- [Instructions to follow] Nothing should appear in the answer except the lines below from the line containing "Melissa signing the marriage certificate..." through the line containing "Ist die Eßlinger", copied exactly, with pictures left out.

- [Source data]
----------

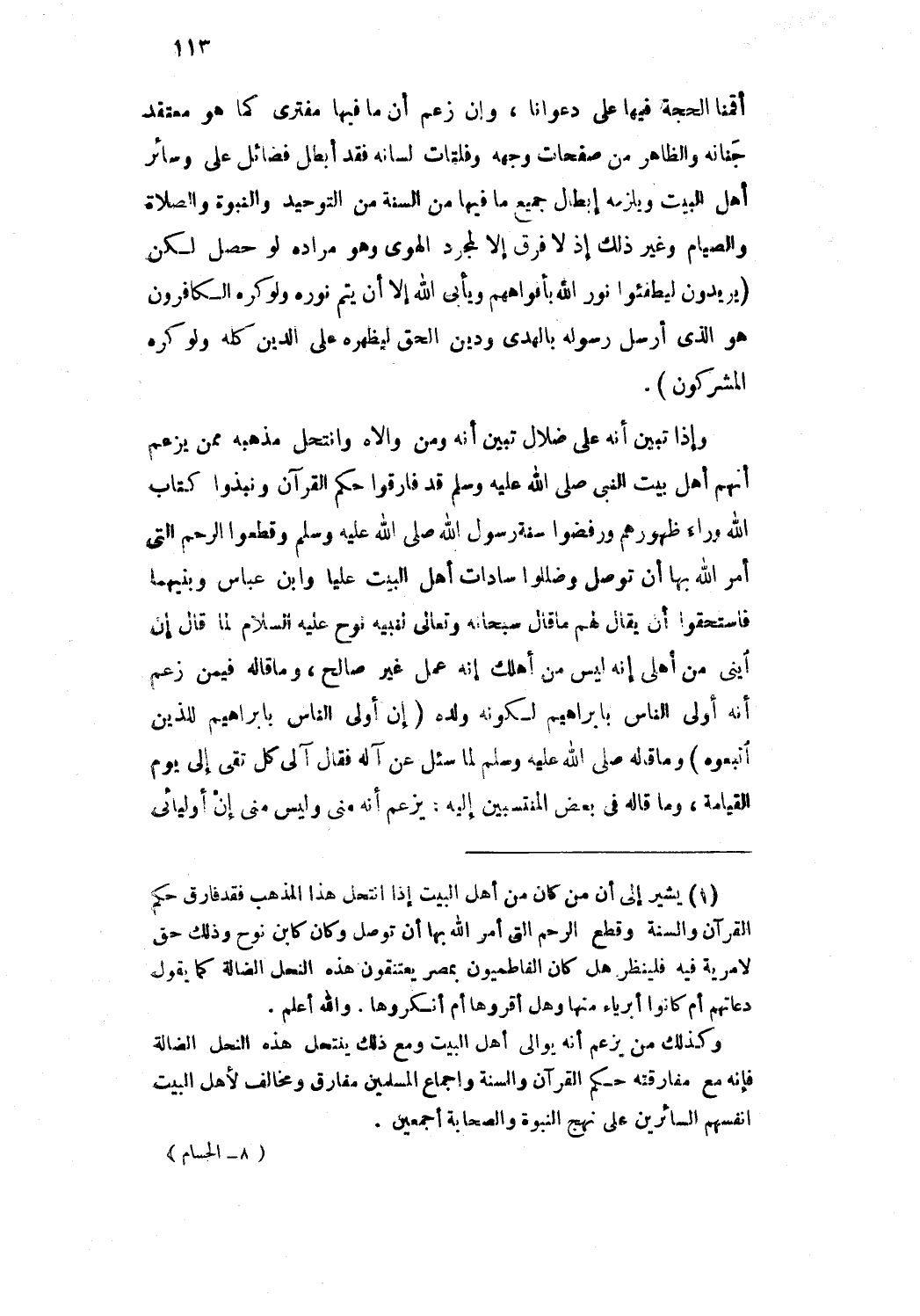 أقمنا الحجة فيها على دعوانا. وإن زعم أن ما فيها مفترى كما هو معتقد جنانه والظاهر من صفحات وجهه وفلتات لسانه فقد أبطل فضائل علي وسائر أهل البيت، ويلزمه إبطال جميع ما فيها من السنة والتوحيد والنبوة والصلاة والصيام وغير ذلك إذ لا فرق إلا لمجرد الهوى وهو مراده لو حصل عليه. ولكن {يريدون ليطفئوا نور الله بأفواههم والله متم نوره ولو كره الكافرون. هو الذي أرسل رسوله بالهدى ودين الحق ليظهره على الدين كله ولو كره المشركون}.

----------

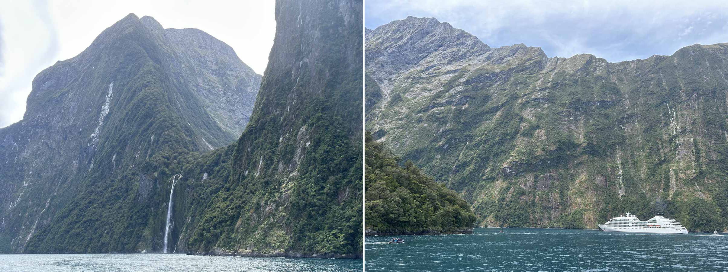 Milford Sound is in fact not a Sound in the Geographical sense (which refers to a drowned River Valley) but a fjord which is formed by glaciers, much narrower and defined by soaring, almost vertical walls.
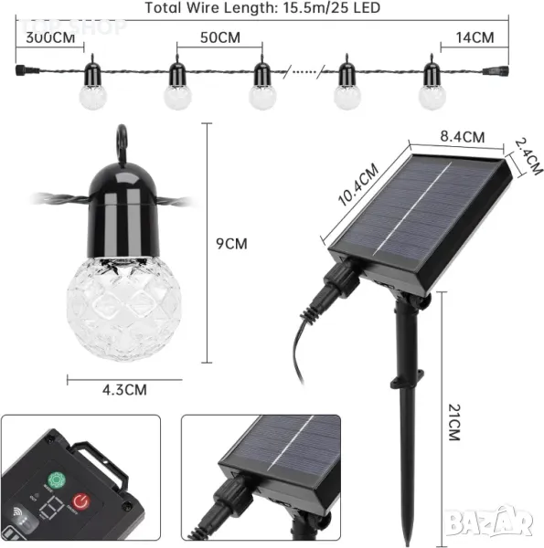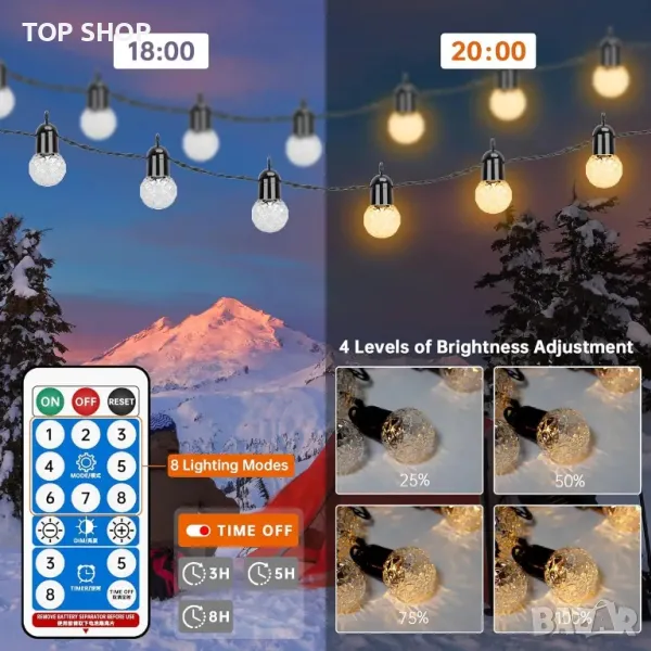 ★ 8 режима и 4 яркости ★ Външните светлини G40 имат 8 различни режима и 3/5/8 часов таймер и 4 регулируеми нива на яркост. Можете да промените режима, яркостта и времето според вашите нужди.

----------

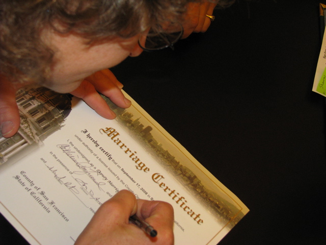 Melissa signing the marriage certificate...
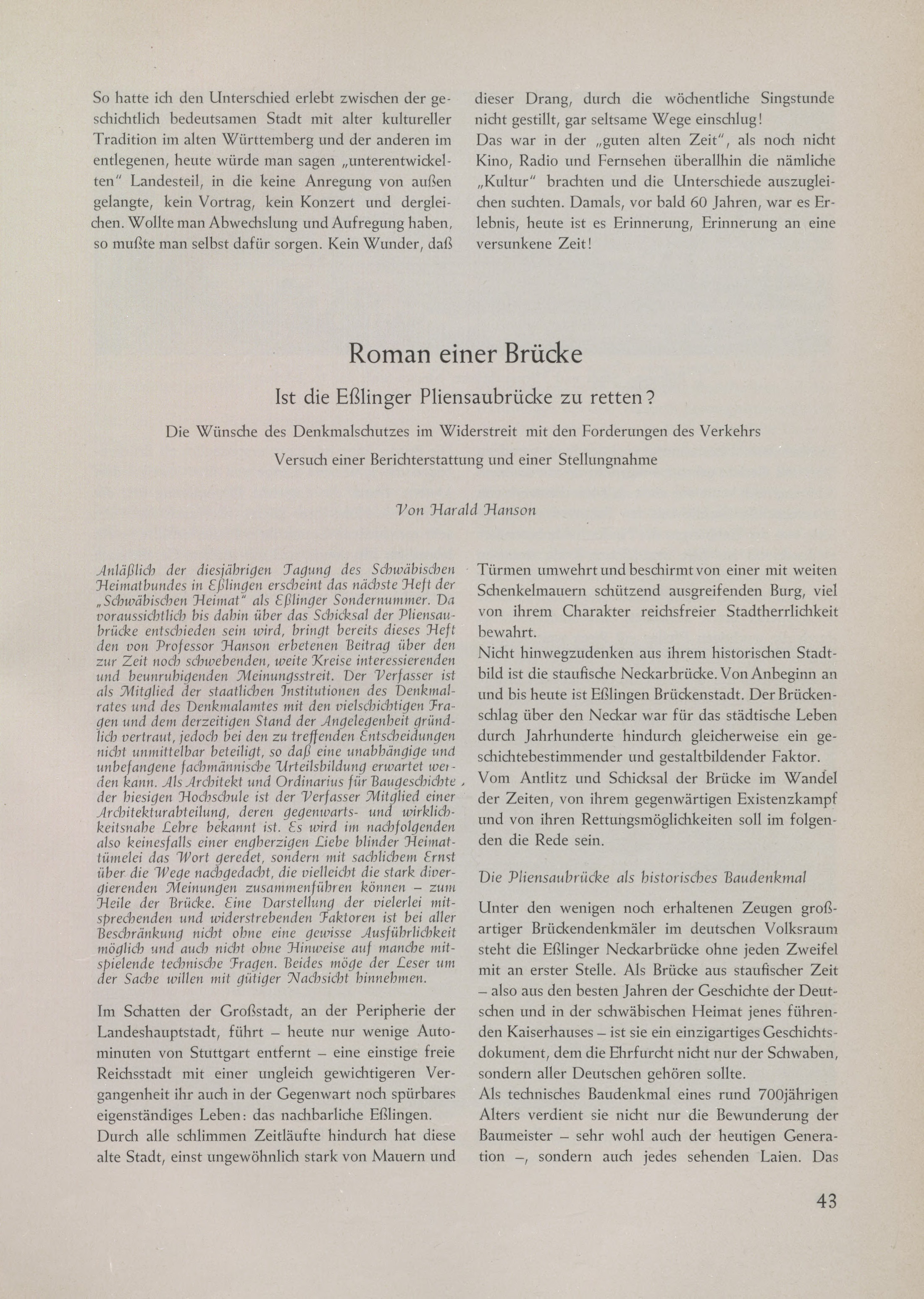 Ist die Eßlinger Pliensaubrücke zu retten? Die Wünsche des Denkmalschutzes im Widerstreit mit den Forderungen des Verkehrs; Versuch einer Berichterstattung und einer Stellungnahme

----------

- [Worked solution]
 Melissa signing the marriage certificate...
 Ist die Eßlinger Pliensaubrücke zu retten? Die Wünsche des Denkmalschutzes im Widerstreit mit den Forderungen des Verkehrs; Versuch einer Berichterstattung und einer Stellungnahme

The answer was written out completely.